--- Exercise requirements ---
Please give back each line below unchanged; none of the pictures should appear.

::: Data segment

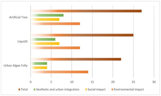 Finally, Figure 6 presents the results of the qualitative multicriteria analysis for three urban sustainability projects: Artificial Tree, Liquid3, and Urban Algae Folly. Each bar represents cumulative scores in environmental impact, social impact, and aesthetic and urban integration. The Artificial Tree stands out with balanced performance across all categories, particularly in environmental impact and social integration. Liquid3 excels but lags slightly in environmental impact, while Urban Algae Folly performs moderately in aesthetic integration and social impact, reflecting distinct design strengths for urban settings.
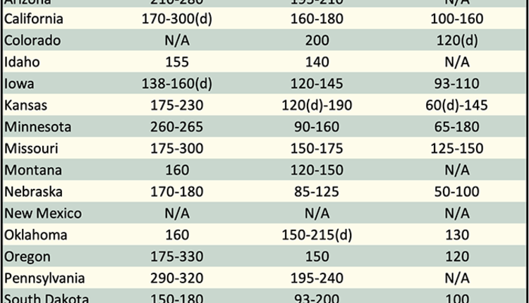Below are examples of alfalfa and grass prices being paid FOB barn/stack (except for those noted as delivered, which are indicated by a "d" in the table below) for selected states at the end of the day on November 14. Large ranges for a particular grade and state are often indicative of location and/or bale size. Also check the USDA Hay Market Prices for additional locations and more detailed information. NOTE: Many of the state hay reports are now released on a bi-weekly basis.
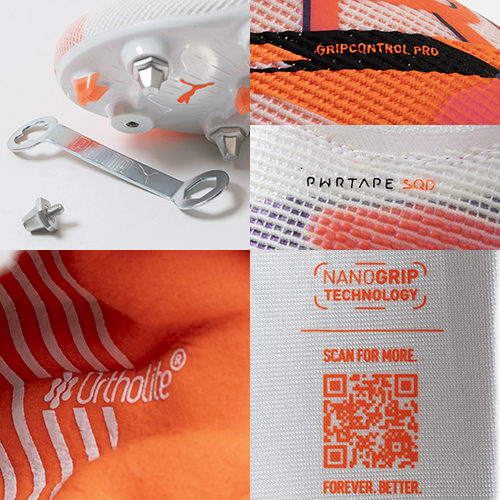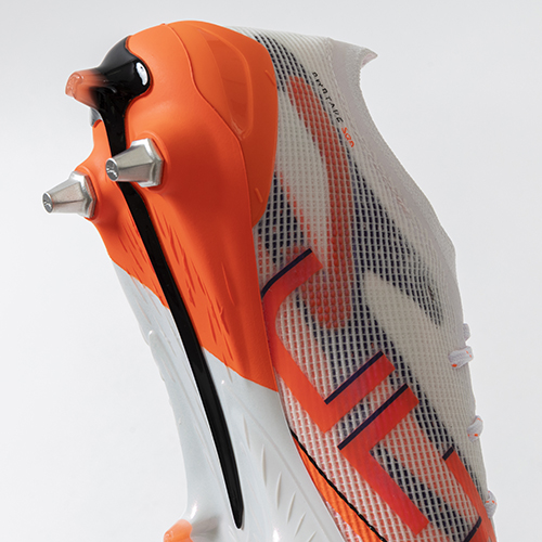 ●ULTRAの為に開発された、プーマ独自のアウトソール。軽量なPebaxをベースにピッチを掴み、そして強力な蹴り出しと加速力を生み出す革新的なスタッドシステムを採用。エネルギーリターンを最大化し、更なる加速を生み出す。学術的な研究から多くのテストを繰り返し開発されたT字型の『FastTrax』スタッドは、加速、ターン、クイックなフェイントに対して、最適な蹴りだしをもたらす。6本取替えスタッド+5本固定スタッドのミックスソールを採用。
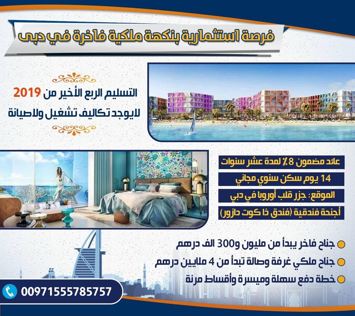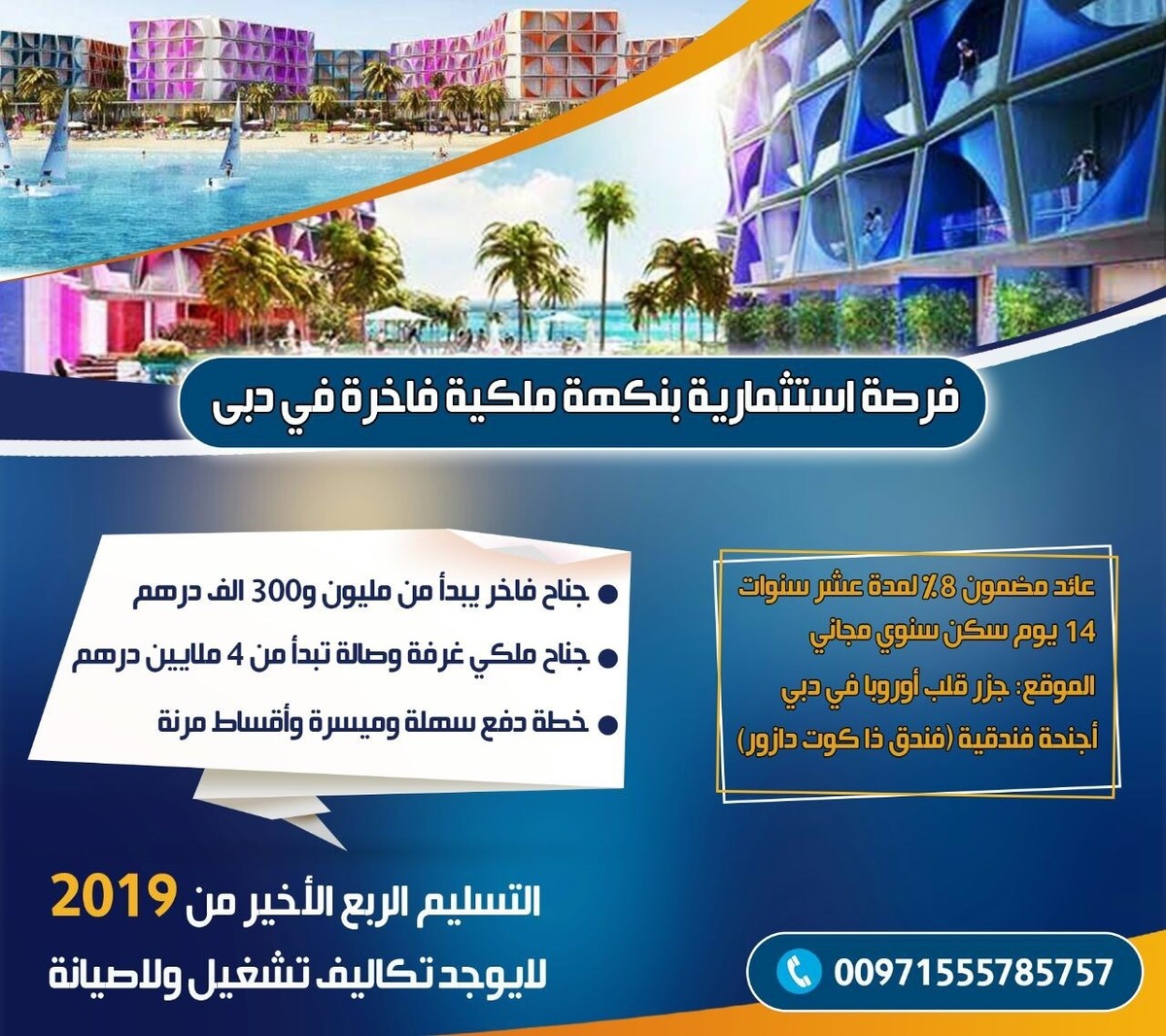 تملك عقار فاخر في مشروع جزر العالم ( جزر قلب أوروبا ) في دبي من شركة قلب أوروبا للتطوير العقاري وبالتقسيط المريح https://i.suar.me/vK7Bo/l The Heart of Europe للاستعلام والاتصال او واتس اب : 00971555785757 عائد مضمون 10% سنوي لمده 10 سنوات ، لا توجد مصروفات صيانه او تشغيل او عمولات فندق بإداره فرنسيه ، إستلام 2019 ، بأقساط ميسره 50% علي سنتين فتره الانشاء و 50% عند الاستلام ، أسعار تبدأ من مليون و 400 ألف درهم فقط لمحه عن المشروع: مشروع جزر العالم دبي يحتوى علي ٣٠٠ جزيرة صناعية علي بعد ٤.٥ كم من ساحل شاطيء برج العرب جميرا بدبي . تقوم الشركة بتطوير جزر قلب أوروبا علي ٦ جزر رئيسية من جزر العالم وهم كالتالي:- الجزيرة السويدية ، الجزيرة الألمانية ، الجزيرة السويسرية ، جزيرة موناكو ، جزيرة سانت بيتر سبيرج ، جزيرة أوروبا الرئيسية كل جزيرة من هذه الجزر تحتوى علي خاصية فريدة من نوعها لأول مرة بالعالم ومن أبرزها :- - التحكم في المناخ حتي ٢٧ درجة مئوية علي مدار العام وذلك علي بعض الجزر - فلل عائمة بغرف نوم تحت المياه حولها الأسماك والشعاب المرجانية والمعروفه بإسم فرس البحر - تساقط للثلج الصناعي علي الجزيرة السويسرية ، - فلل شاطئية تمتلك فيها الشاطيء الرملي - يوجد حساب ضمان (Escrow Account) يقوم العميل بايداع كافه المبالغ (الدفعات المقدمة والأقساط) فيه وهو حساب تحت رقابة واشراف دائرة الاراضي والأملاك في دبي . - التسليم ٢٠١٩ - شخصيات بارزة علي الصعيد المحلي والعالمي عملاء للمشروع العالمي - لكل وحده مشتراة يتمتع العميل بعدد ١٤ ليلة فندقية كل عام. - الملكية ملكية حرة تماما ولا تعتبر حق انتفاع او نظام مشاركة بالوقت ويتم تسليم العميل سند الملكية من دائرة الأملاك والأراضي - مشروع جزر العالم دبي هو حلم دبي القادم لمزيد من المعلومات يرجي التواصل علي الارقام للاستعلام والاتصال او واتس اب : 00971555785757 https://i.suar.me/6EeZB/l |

::::::

--- Output ---
 Finally, Figure 6 presents the results of the qualitative multicriteria analysis for three urban sustainability projects: Artificial Tree, Liquid3, and Urban Algae Folly. Each bar represents cumulative scores in environmental impact, social impact, and aesthetic and urban integration. The Artificial Tree stands out with balanced performance across all categories, particularly in environmental impact and social integration. Liquid3 excels but lags slightly in environmental impact, while Urban Algae Folly performs moderately in aesthetic integration and social impact, reflecting distinct design strengths for urban settings.
Below are examples of alfalfa and grass prices being paid FOB barn/stack (except for those noted as delivered, which are indicated by a "d" in the table below) for selected states at the end of the day on November 14. Large ranges for a particular grade and state are often indicative of location and/or bale size. Also check the USDA Hay Market Prices for additional locations and more detailed information. NOTE: Many of the state hay reports are now released on a bi-weekly basis.
 ●ULTRAの為に開発された、プーマ独自のアウトソール。軽量なPebaxをベースにピッチを掴み、そして強力な蹴り出しと加速力を生み出す革新的なスタッドシステムを採用。エネルギーリターンを最大化し、更なる加速を生み出す。学術的な研究から多くのテストを繰り返し開発されたT字型の『FastTrax』スタッドは、加速、ターン、クイックなフェイントに対して、最適な蹴りだしをもたらす。6本取替えスタッド+5本固定スタッドのミックスソールを採用。
 تملك عقار فاخر في مشروع جزر العالم ( جزر قلب أوروبا ) في دبي من شركة قلب أوروبا للتطوير العقاري وبالتقسيط المريح https://i.suar.me/vK7Bo/l The Heart of Europe للاستعلام والاتصال او واتس اب : 00971555785757 عائد مضمون 10% سنوي لمده 10 سنوات ، لا توجد مصروفات صيانه او تشغيل او عمولات فندق بإداره فرنسيه ، إستلام 2019 ، بأقساط ميسره 50% علي سنتين فتره الانشاء و 50% عند الاستلام ، أسعار تبدأ من مليون و 400 ألف درهم فقط لمحه عن المشروع: مشروع جزر العالم دبي يحتوى علي ٣٠٠ جزيرة صناعية علي بعد ٤.٥ كم من ساحل شاطيء برج العرب جميرا بدبي . تقوم الشركة بتطوير جزر قلب أوروبا علي ٦ جزر رئيسية من جزر العالم وهم كالتالي:- الجزيرة السويدية ، الجزيرة الألمانية ، الجزيرة السويسرية ، جزيرة موناكو ، جزيرة سانت بيتر سبيرج ، جزيرة أوروبا الرئيسية كل جزيرة من هذه الجزر تحتوى علي خاصية فريدة من نوعها لأول مرة بالعالم ومن أبرزها :- - التحكم في المناخ حتي ٢٧ درجة مئوية علي مدار العام وذلك علي بعض الجزر - فلل عائمة بغرف نوم تحت المياه حولها الأسماك والشعاب المرجانية والمعروفه بإسم فرس البحر - تساقط للثلج الصناعي علي الجزيرة السويسرية ، - فلل شاطئية تمتلك فيها الشاطيء الرملي - يوجد حساب ضمان (Escrow Account) يقوم العميل بايداع كافه المبالغ (الدفعات المقدمة والأقساط) فيه وهو حساب تحت رقابة واشراف دائرة الاراضي والأملاك في دبي . - التسليم ٢٠١٩ - شخصيات بارزة علي الصعيد المحلي والعالمي عملاء للمشروع العالمي - لكل وحده مشتراة يتمتع العميل بعدد ١٤ ليلة فندقية كل عام. - الملكية ملكية حرة تماما ولا تعتبر حق انتفاع او نظام مشاركة بالوقت ويتم تسليم العميل سند الملكية من دائرة الأملاك والأراضي - مشروع جزر العالم دبي هو حلم دبي القادم لمزيد من المعلومات يرجي التواصل علي الارقام للاستعلام والاتصال او واتس اب : 00971555785757 https://i.suar.me/6EeZB/l |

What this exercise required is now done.